Cette évolution doit permettre à l’institution de renforcer son implication dans les missions d’intérêt général qu’elle exerce au contact d’institutions publiques et privées, entre autres auprès du Gouvernement, de la Haute Autorité de santé ou encore de l’Institut national de la santé et de la recherche médicale (Inserm) ou de France Biotech.
La transformation de l’Académie nationale de chirurgie en personne morale de droit public lui permettrait notamment de bénéficier d’attributs spécifiques attachés aux « prérogatives de puissance publique », comme l’insaisissabilité de ses biens ou la compétence du juge administratif pour les litiges la concernant.
La proposition de loi a pour effet de renforcer et de consacrer l’indépendance de cette académie, en prévoyant que celle-ci s’administre librement, que ses décisions entrent en vigueur sans autorisation préalable et qu’elle bénéficie de l’autonomie financière sous le seul contrôle de la Cour des comptes, comme c’est aujourd’hui le cas s’agissant des académies nationales de médecine et de pharmacie.

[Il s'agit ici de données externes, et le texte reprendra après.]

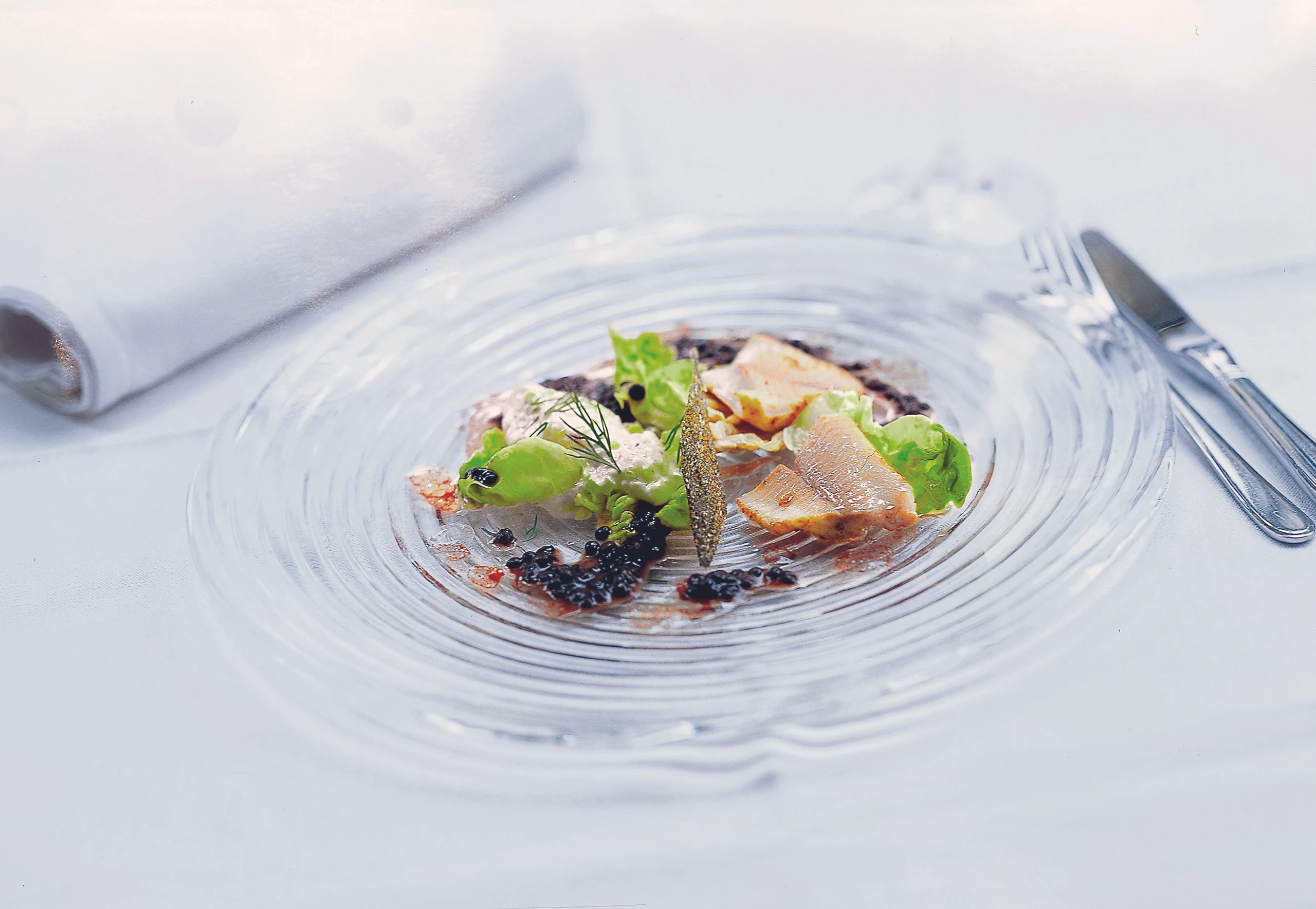 Tatar aus dem Kühlschrank nehmen und bei Bedarf nachwürzen. Salatherzen mit der Vinaigrette marinieren und auf Tellern anrichten. Mit 2 Löffeln schöne Nocken vom Tatar abstechen und auf die Salatherzen legen. Mit den lauwarm marinierten Linsen anrichten und mit Schnittlauch garnieren. Hannes Hell hat das Gericht zusätzlich mit zart gegartem Forellenfilet und knusprig gebratener Haut angerichtet.

Ainsi que vous l’avez rappelé, monsieur le rapporteur, l’Académie est particulièrement impliquée dans les travaux participant à l’élaboration et à la mise en œuvre de la politique de santé publique de notre pays. Cela vient également compléter son rôle structurant, dans les domaines de la recherche et de l’enseignement, qui participent au rayonnement de la communauté académique et universitaire chirurgicale française.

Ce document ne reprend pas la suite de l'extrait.